Investigating Redundancy in Multimodal Large Language Models with Multiple Vision Encoders

Recent multimodal large language models (MLLMs) increasingly integrate multiple vision encoders to improve performance on various benchmarks, assuming that diverse pretraining objectives yield complementary visual signals. However, we show this assumption often fails in practice. Through systematic encoder masking across representative multi encoder MLLMs, we find that performance typically degrades gracefully, and sometimes even improves, when selected encoders are masked, revealing pervasive encoder redundancy. To quantify this effect, we introduce two principled metrics: the Conditional Utilization Rate (CUR), which measures an encoder s marginal contribution in the presence of others, and the Information Gap (IG), which captures heterogeneity in encoder utility within a model.
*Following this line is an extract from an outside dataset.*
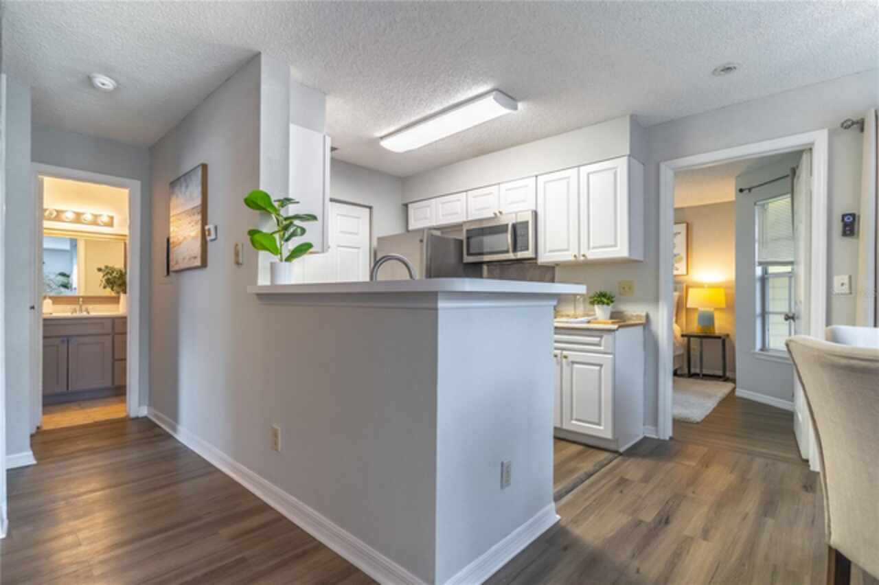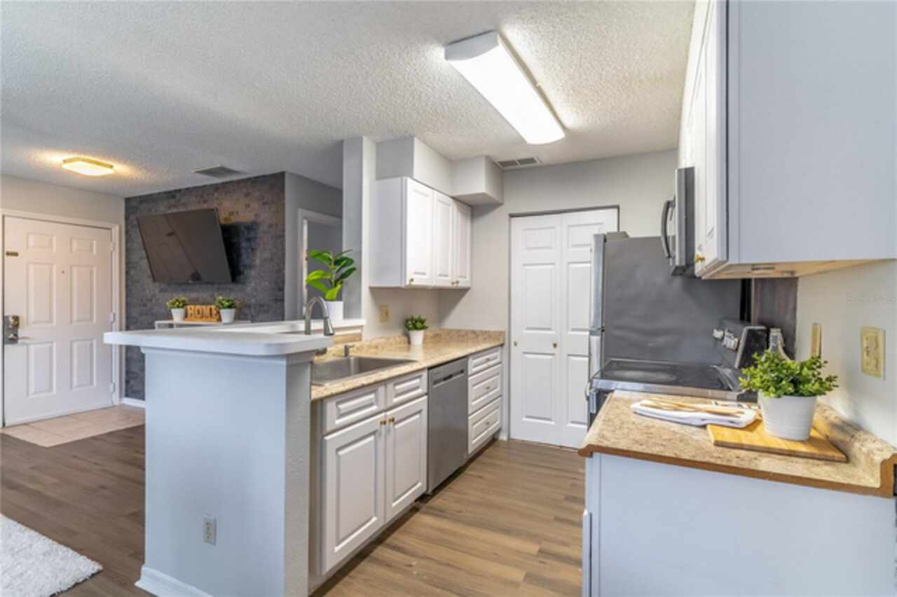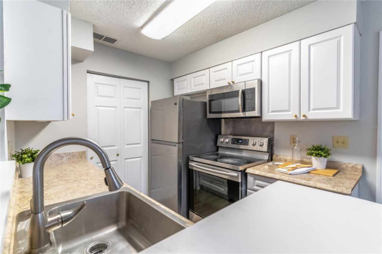 Under contract-accepting backup offers. Welcome to this charming GROUND FLOOR 2-bedroom, 2-bathroom condo located in the desirable GOLF COMMUNITY of Metrowest. Located just minutes from shopping and restaurants, this home offers CONVENIENT ACCESS to Universal Studios, Islands of Adventure, and Valencia College East—all less than 5 miles away. COMMUNITY FEATURES - clubhouse with 2 pools and spas, fitness center, lighted tennis courts, racquetball, gazebo with summer kitchen/grills, carwash area. Step inside to an inviting OPEN CONCEPT KITCHEN AND FAMILY ROOM, filled with natural light. The kitchen features sleek stainless steel appliances, providing both style and functionality. Enjoy the ease of a FULL SIZE WASHER AND DRYER included with the unit. The spacious primary suite boasts a PRIVATE ATTACHED BATHROOM and a LARGE WALK IN CLOSET. The generously sized guest bedroom is conveniently located on the opposite side of the condo, complete with its own full bathroom, enhancing the SPLIT BEDROOM FLOOR PLAN for added privacy. Relax and unwind on the SCREENED IN PATIO, which includes an ADDITONAL STORAGE CLOSET—perfect for keeping your space organized. Overlooking the community POOL and HOT TUB, this condo offers resort-style living at its finest. Whether you're seeking a full-time residence or a long term investment property this Metrowest condo provides the ideal blend of comfort, convenience, and lifestyle.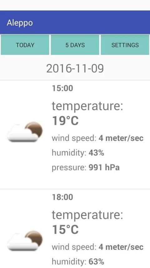 Weather Aleppo, a simple and convenient app showing weather forecast for the city of Aleppo.

Using these tools, we observe: (i) strong specialization on tasks like OCR and Chart, where a single encoder can dominate with a CUR greater than 90 percent, (ii) high redundancy on general VQA and knowledge based tasks, where encoders are largely interchangeable, (iii) instances of detrimental encoders with negative CUR. Notably, masking specific encoders can yield up to 16 percent higher accuracy on a specific task category and 3.6 percent overall performance boost compared to the full model.Furthermore, single and dual encoder variants recover over 90 percent of baseline on most non OCR tasks with substantially lower training resources and inference latency. Our analysis challenges the more encoders are better heuristic in MLLMs and provides actionable diagnostics for developing more efficient and effective multimodal architectures.

翻译：近年来，多模态大语言模型（MLLMs）日益集成多个视觉编码器，以期通过多样化的预训练目标获得互补的视觉信号，从而提升在各种基准测试上的性能。然而，我们发现这一假设在实践中往往并不成立。通过对代表性的多编码器 MLLMs 进行系统的编码器掩蔽实验，我们发现当特定编码器被掩蔽时，模型性能通常仅平缓下降，有时甚至有所提升，这揭示了编码器之间普遍存在的冗余现象。为量化这一效应，我们引入了两个原则性度量指标：条件利用率（CUR），用于衡量一个编码器在其他编码器存在时的边际贡献；以及信息差（IG），用于捕捉模型内各编码器效用的异质性。利用这些工具，我们观察到：（i）在 OCR 和图表等任务上存在强烈的专业化现象，单个编码器可能占据主导地位，其 CUR 超过 90%；（ii）在通用视觉问答（VQA）和基于知识的任务上存在高度冗余，编码器在很大程度上可相互替换；（iii）存在具有负 CUR 的有害编码器实例。值得注意的是，与完整模型相比，掩蔽特定编码器能在特定任务类别上获得高达 16% 的准确率提升，以及 3.6% 的整体性能提升。此外，单编码器和双编码器变体在大多数非 OCR 任务上能以显著更低的训练资源和推理延迟恢复超过 90% 的基线性能。我们的分析挑战了 MLLMs 中“编码器越多越好”的经验法则，并为开发更高效、更有效的多模态架构提供了可操作的诊断方法。